Is it really worth updating all the Python syntax formatting and analysis code out there just to save one character on an operator? I don't think it's a good tradeoff.



+ is a terrible operator for formating.

You got:

    price = 18.8
    date = datetime.datetime.now()
Now you want to save in a file:

    "It's 18.80 and we are the 01/04/2016"
With +:

    num, dec = str(price).split('.')
    msg = ("It's "+ num + "." + dec.ljust(2, '0') + 
          " and we are the " + date.strftime("%m/%d/%Y") + "\n")
    f.write(msg)
It is so long and ugly we have to break it on several lines to respect PEP8.

And it's a pain to write, or even worst, to read.

With print():

    num, dec = str(price).split('.')
    print("It's", num, ".", dec.ljust(2, '0'), 
          " and we are the ", date.strftime("%m/%d/%Y")), file=f)   
A tiny bit better since we don't have to use that many concatenation tricks.

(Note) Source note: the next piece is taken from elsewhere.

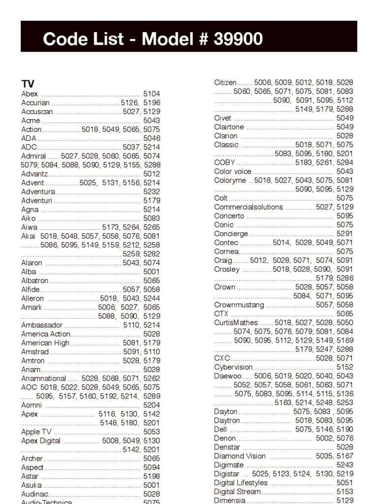 Code List Model 39900 Onn Universal Remote Support
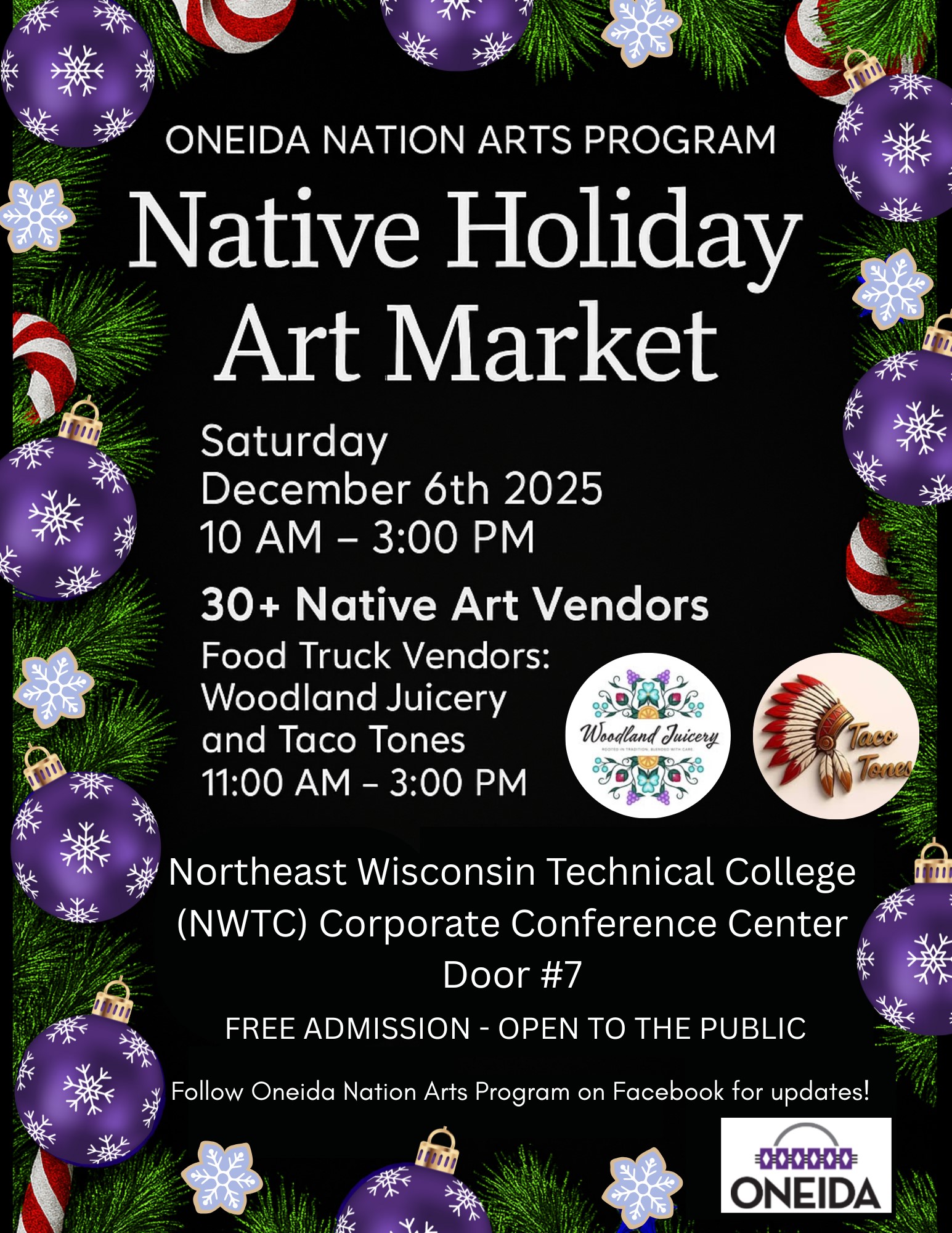 Please see the Oneida Nation Art Program Art Market flyer! December 6th, 10am – 3pm

If we didn't have to format the float, print() would have converted it to string for us which is nice (with + you have to call str() all the time).

With "%":

    f.write("It's %.2f and we are the %s\n" % (price, date.strftime("%m/%d/%Y")))
Way better, but still hard to read.

With format():

    f.write("It's {:.2f} and we are the {:%m/%d/%Y}\n".format(price, date))
Now we are getting sometwhere...

With fstrings:

    f.write("It's {price:.2f} and we are the {date:%m/%d/%Y}\n")
fstrings have everything:

    - easier / faster to type than any other versions;
    - easier to read than any other versions;
    - as expressive as any other versions.
It's reduce work by making you think less, type faster, read faster (for you and your colleague) and it's easier to spot bugs.

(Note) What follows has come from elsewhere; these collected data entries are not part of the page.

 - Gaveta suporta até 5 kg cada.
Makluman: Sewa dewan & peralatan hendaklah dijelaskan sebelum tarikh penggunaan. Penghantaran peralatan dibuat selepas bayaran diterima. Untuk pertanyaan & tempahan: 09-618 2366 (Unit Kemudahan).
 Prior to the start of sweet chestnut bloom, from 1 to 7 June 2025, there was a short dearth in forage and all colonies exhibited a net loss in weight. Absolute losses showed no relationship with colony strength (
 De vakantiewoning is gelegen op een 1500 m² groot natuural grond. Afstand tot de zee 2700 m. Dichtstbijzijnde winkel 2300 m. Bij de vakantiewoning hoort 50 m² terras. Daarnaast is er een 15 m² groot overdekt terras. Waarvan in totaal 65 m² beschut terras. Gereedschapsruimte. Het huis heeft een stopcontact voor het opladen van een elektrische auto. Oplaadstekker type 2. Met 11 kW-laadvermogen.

The only place where you don't want fstring are for l10n.


I don't think it's even that bad for l10n, as you can treat the expression-like format specifiers as opaque keywords for the placeholders.

For example, your i18n tool can extract:

    "It's {price:.2f} and we are the {date:%m/%d/%Y}\n"
as a key, and then l10n can map this to:

    fr_FR: "C'est {price:.2f} et nous sommes le {date:%d/%m/%Y}\n"
(Here we can fix up the silly US date formatting, too, although really you shouldn't be localising dates in your format strings).

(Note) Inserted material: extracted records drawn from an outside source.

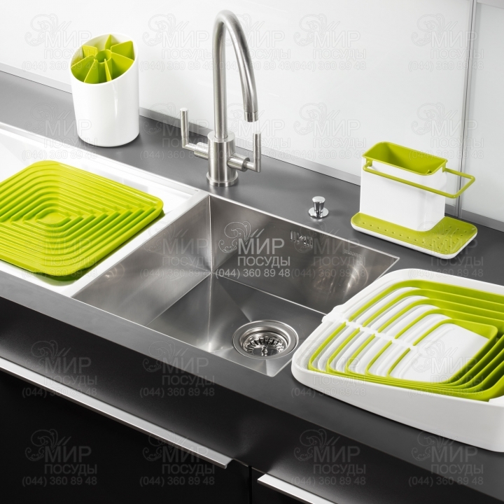 Для кожного пристрою контейнер має відповідний відсік. Єршик та пляшки зберігаються всередині спеціального сегменту. Для ганчірки створена спеціальна поперечина, на якій вона знаходиться у підвішеному стані, тому дуже швидко висихає. Губку можна скласти у спеціальний відділ з отворами, крізь які рідина з мокрої губки стікає у спеціальний резервуар. Цей гарний та багатофункціональний кейс допоможе зберегти ідеальний порядок біля раковини. Замовити цю стильну та містку сушку для посуду можна з доставкою по Києву чи всій Україні за допомогою нашого інтернет-магазину – швидко та зручно!
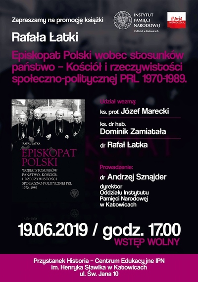 W środę 19 czerwca 2019 r. w Centrum Edukacyjnym IPN w Katowicach im. Henryka Sławika „Przystanek Historia”, przy ul. św. Jana 10 (III piętro), odbyła się promocja książki dr. Rafała Łatki Episkopat Polski wobec stosunków państwo–Kościół i rzeczywistości społeczno-politycznej PRL 1970–1989.
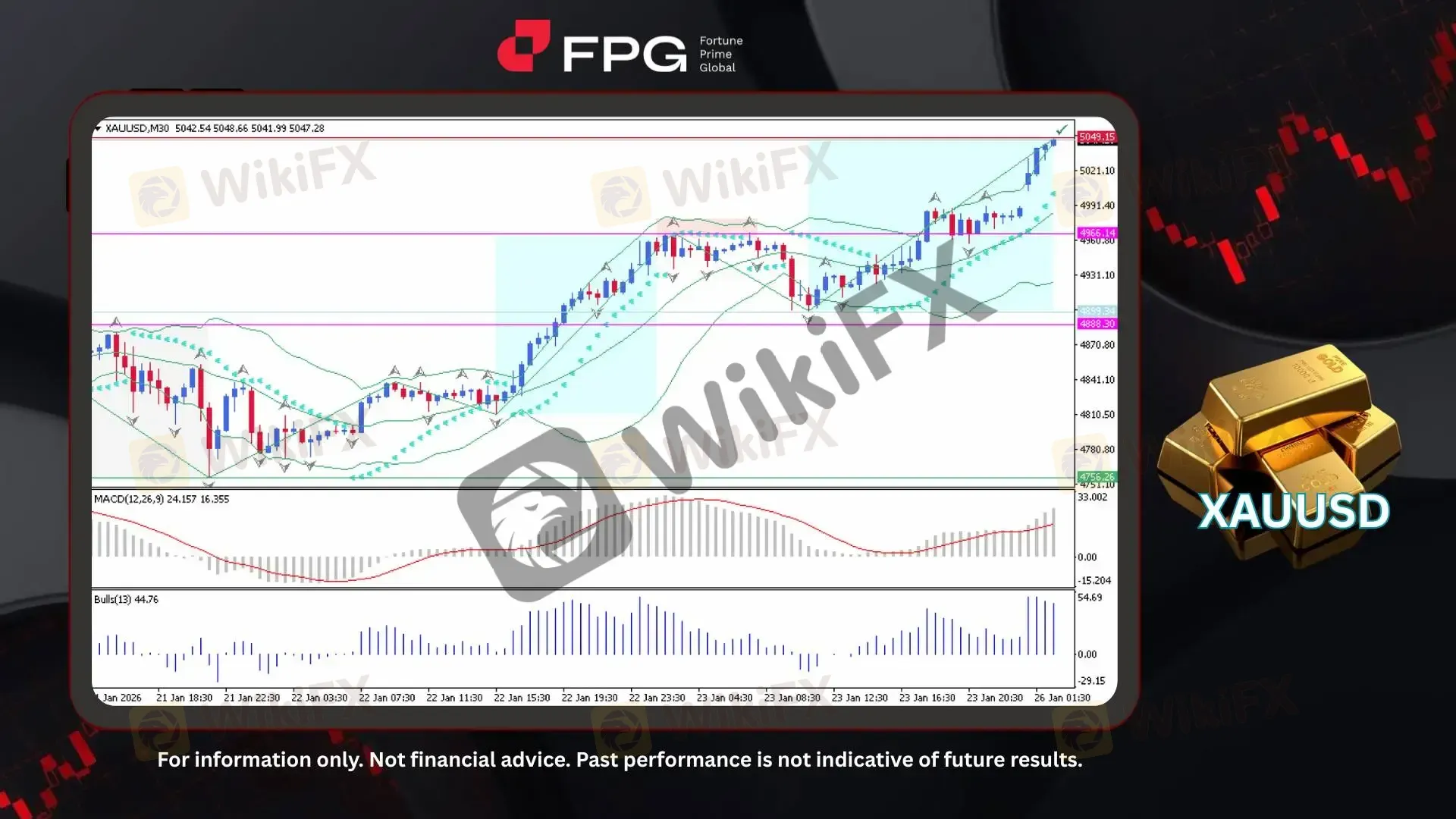 Technically, Gold remains firmly entrenched within a strong bullish structure. Price continues to trade above its rising trend channel and stays close to the upper Bollinger Band, highlighting persistent bullish momentum rather than distribution. The MACD (12,26,9) remains in positive territory, with the histogram expanding again after a brief pullback, signaling renewed upside momentum. At the same time, Bulls Power (13) has climbed to around 44.76, reflecting strong and accelerating buying pressure. Although price is trading at historically extreme levels, there are currently no clear reversal signals on the M30 timeframe, keeping the broader bullish bias intact.

All that remains is for them to work out some way of mapping in that localised string, as you can do this:

    _("It's {price:.2f} and we are the {date:%m/%d/%Y}\n").format(price=price, date=date)
any more.


> (Here we can fix up the silly US date formatting, too, although really you shouldn't be localising dates in your format strings).

ISO 8601 (similar to Japanese format) is the most logical way to format dates: YYYY-MM-DD, easily sortable, not the silly way US and Europeans format their dates. ;)

https://xkcd.com/1179/


Date formatting preferences are done at the desktop level and apps should query for it. All frameworks I can think of have a way of doing so, and you can just tell them "I want a long-form date & time", "I want a short date", "I want a short non-numeric date".

If you are a fan of ISO8601 (which I am), you can then set this globally on your desktop, rather than expect the app developers / translators to choose for you.